YOUR INSTRUCTIONS: Of the entries below, repeat exactly only those lines from the one containing "Выпекайте в предварительно" through the last line, with pictures omitted.

INFORMATION SUPPLIED:

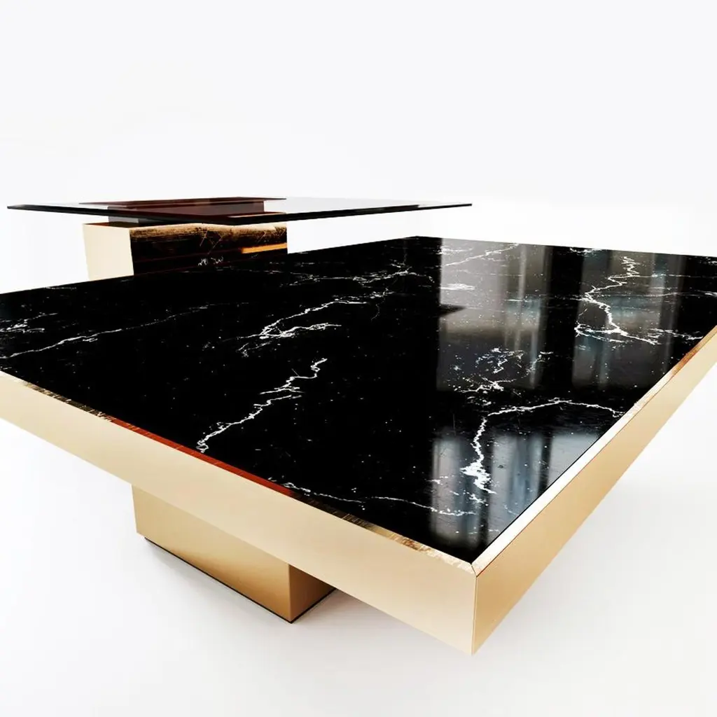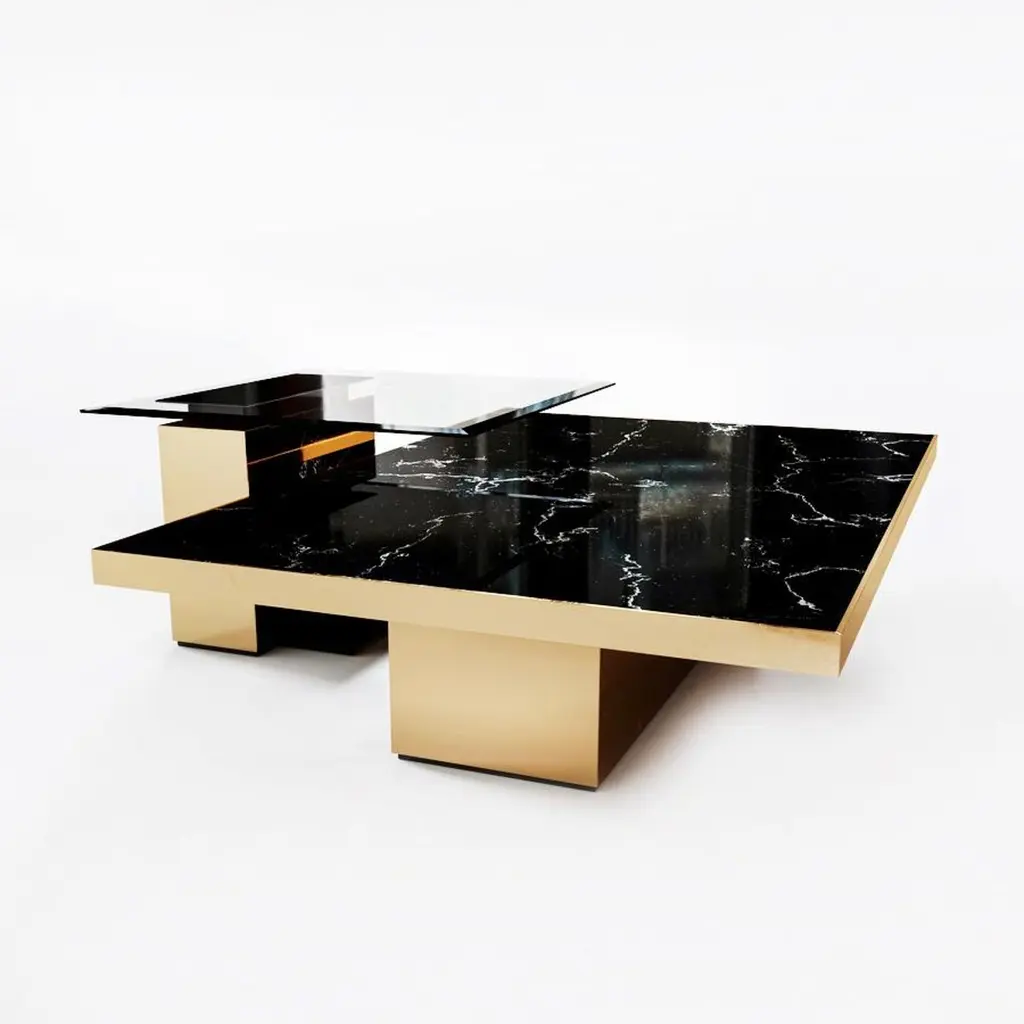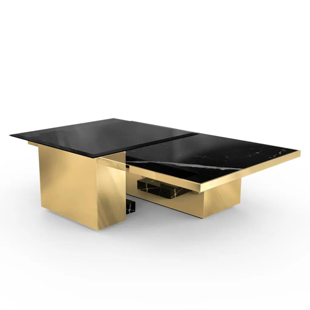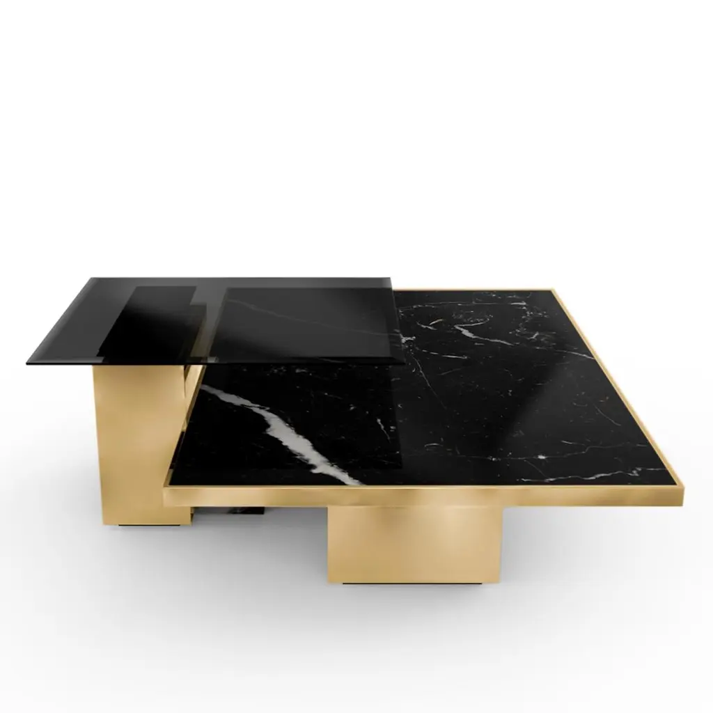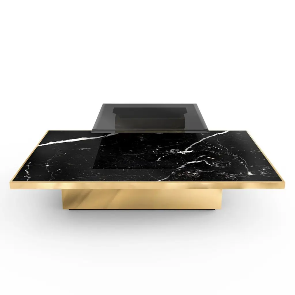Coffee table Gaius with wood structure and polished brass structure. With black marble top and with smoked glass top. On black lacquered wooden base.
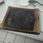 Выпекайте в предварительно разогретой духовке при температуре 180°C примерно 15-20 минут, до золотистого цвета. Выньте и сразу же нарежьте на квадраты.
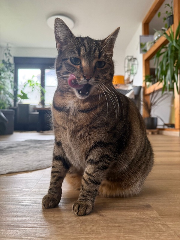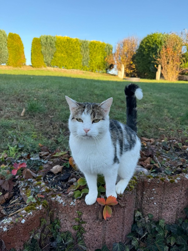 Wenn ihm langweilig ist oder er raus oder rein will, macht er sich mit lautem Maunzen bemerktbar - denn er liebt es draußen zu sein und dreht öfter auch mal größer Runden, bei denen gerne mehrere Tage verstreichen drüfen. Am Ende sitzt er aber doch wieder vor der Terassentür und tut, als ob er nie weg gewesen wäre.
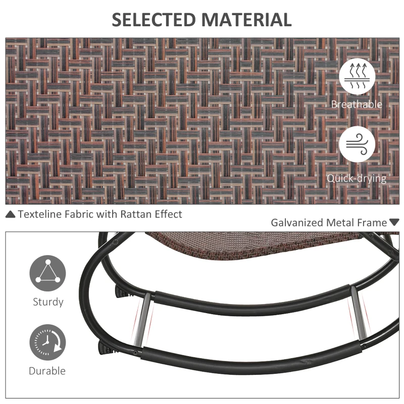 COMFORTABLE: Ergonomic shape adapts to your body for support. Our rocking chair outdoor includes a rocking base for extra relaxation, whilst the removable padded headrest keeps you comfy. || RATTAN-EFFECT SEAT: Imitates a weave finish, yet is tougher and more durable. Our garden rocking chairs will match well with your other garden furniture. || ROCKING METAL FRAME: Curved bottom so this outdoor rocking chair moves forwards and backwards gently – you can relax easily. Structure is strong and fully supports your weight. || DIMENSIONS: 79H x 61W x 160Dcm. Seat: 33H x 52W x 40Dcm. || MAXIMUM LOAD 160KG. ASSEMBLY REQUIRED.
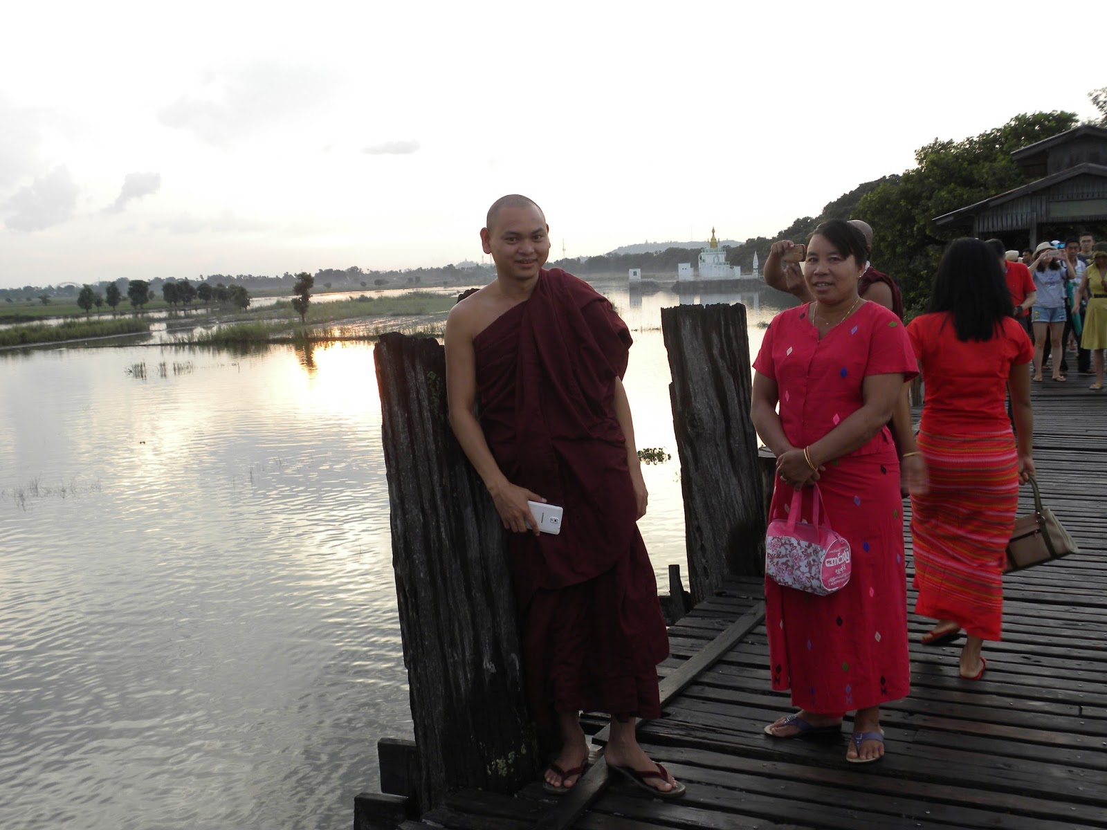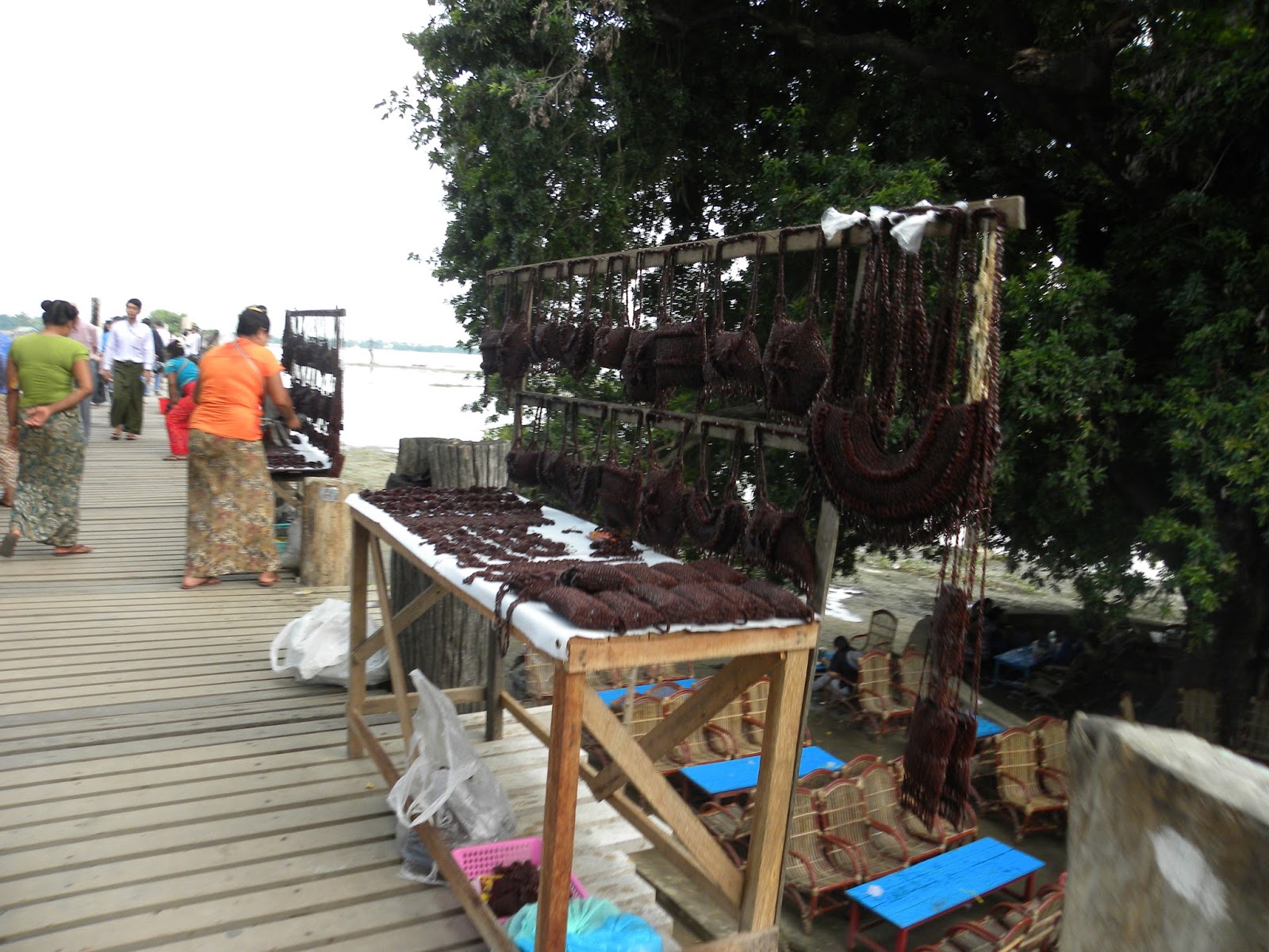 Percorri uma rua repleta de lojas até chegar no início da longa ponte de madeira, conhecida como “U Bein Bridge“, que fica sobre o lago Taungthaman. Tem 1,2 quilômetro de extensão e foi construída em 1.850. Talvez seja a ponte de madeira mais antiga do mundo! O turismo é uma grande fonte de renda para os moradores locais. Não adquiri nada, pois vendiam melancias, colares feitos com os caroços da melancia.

ANSWER TO THIS PROBLEM:
 Выпекайте в предварительно разогретой духовке при температуре 180°C примерно 15-20 минут, до золотистого цвета. Выньте и сразу же нарежьте на квадраты.
 Wenn ihm langweilig ist oder er raus oder rein will, macht er sich mit lautem Maunzen bemerktbar - denn er liebt es draußen zu sein und dreht öfter auch mal größer Runden, bei denen gerne mehrere Tage verstreichen drüfen. Am Ende sitzt er aber doch wieder vor der Terassentür und tut, als ob er nie weg gewesen wäre.
 COMFORTABLE: Ergonomic shape adapts to your body for support. Our rocking chair outdoor includes a rocking base for extra relaxation, whilst the removable padded headrest keeps you comfy. || RATTAN-EFFECT SEAT: Imitates a weave finish, yet is tougher and more durable. Our garden rocking chairs will match well with your other garden furniture. || ROCKING METAL FRAME: Curved bottom so this outdoor rocking chair moves forwards and backwards gently – you can relax easily. Structure is strong and fully supports your weight. || DIMENSIONS: 79H x 61W x 160Dcm. Seat: 33H x 52W x 40Dcm. || MAXIMUM LOAD 160KG. ASSEMBLY REQUIRED.
 Percorri uma rua repleta de lojas até chegar no início da longa ponte de madeira, conhecida como “U Bein Bridge“, que fica sobre o lago Taungthaman. Tem 1,2 quilômetro de extensão e foi construída em 1.850. Talvez seja a ponte de madeira mais antiga do mundo! O turismo é uma grande fonte de renda para os moradores locais. Não adquiri nada, pois vendiam melancias, colares feitos com os caroços da melancia.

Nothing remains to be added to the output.